Quicksilver editing by Daniel Rezende works with Lula Carvalho’s instinctive cinematography to mask the film’s crutch of voiceover-heavy narration, which overstates the film’s subtext. As with Brazil’s past decade of stylized filmic achievements (see “City of God”) “Elite Squad: The Enemy Within” carries a stamp of gritty and glossy neo-realism.
Rio’s criminal drug cartels are now run by corrupt politicians and dirty cops who leech blood money from the impoverished favelas with impunity. Nascimento must also contend with the fact that his ex-wife Rosane (Maria Ribeiro), and mother of his teenage son, has remarried to Nascimento’s fiercest rival, leftist intellectual Fraga (Irandhir Santos).
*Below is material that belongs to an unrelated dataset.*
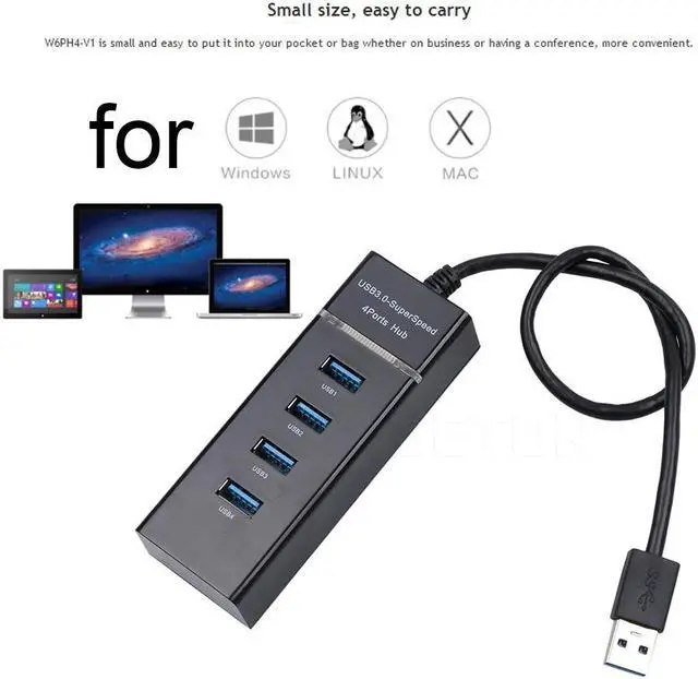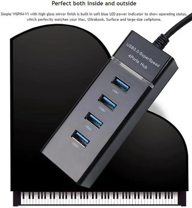 4-port USB 3.0 hub with super speed transfer rate up to 5Gbps.

Their intertwined story brings the film to a surprisingly powerful climax that takes full advantage its potential for emotional and thematic import.
“Elite Squad: The Enemy Within” is a vast improvement over the franchise’s first installment because it puts more emphasis on the emotional cost of political, economic, and military corruption. One civilian’s terrorist is another's occupying military policeman.
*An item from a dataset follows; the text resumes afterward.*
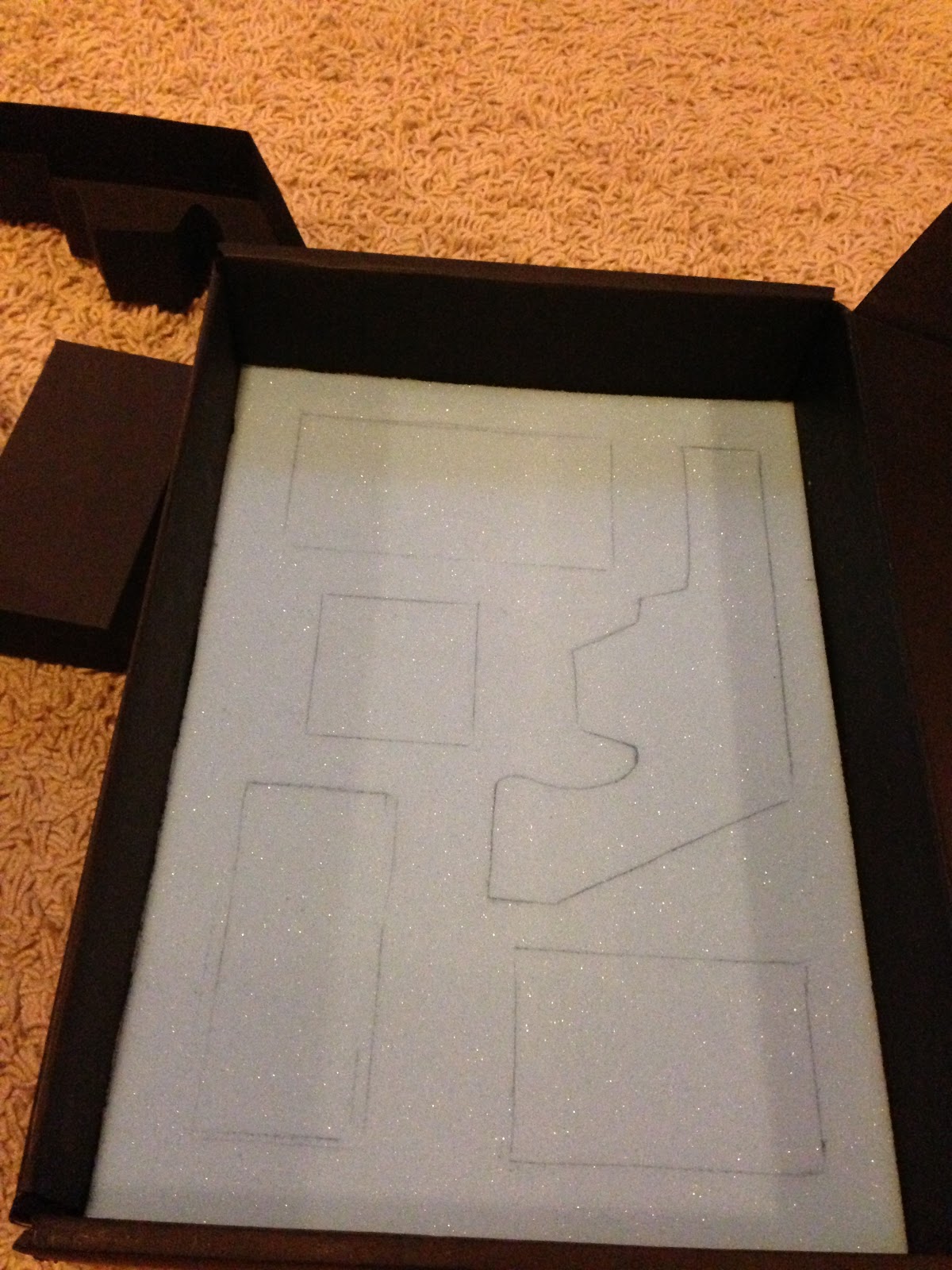 To have all these these boxes will have to fit in my box. To stop them from rattling around i decided to se them in some upholstery foam. To do this i set out the boxes in my preferred arrangement and drew around them. I then cut these shapes out.

The “enemy within” is the fraudulent system that treats citizens as disposable property to be exploited for whatever profit can be squeezed out. Impoverished citizens aren’t just economically and physically abused, they are harvested. Some are shot in cold blood on the street; others are shuffled into an ever-growing penal system that threatens to eventually imprison 95% of Brazil’s population. Crime equals big profits, but only for the cops and politicians who simultaneously make and break the rules. As Brazil eats itself from the inside out, so does Europe, China, and the United States, sacrificing decency to line the coffers of its elite enemy within. It couldn’t be spelled out any clearer.
Not Rated. 116 mins.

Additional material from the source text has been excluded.